There are some additional alternatives, however. The GATOS driver has better XVideo support (this is especially true for Rage Mobility, not so much for Radeon), but for multihead, the best choice right now seems to be the MergedFB driver, which treats both screens as a single framebuffer, enabling 3D acceleration on both screens. That is, if your screens are not too big.. Radeon Mobility M7, which my laptop has, supports 3D acceleration on an up to 2048x2048 screen, and 1400x1050 + 1280x1024 goes over that. Oops. Naturally, the configuration of this driver is completely different from the "normal" method, which only a single Device/Screen/Monitor setup, and a bunch of additional options in the Device block (reminds me of XFree86 3.x, actually).

More annoying, though, is that apparently I can't make XFree86 automatically figure out whether the external monitor is connected. I made a script that probes for ddc info on reboot/resume of the system and reconfigures gdm, but I just wish that I could plug in while having a session open - that would help in meetings with the video projector, too.

The second annoyance is that since the displays are different size, my GNOME panels have to resize when the desktop size changes, and for some reason, panel wants to completely rearrange its contents when that happens. Easily demonstrated by switching resolutions with xrandr, too. Update: many of the resizing problems are somehow related to MergedFB, and I've switched to a plain Xinerama setup. That means I don't have 3D accel when using two screens, but I can live with that.

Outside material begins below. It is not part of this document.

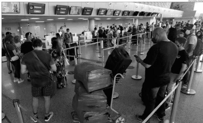
Segundo a Anac, o Rio Grande do Norte, entre embarque e desembarques, registrou 1,8 milhão de passageiros durante 2021

Aliado a isso, crescimento de aproximadamente 55,8% na demanda e oferta do transporte aéreo no ano passado ante os dados registrados em 2020 contribuíram para a alta da tarifa. O valor do dólar, outro componente que impacta diretamente os custos do setor, terminou 2021 valendo 8,4% a mais em relação a 2020. Os aeroportos no Rio Grande do Norte, entre embarque e desembarques, registram 1,8 milhão de passageiros. Foram analisados dados de voos nos aeroportos Aluizio Alves (São Gonçalo do Amarante), Dix-Sept Rosado (Mossoró) e da

Comment by Davide Bolcioni on Fri, 12 Mar 2004 23:52:36:
Could you elaborate on that ? I am trying to achieve the same result on a Compaq Presario 900 EA (ATI Mobility U1) but the external monitor gets no signal. Using a single Device section the same monitor works, although this just clones the panel.

Comment by oa on Sat, 13 Mar 2004 09:36:06:
You might want to take a look at the XF86Config file I just added to this post.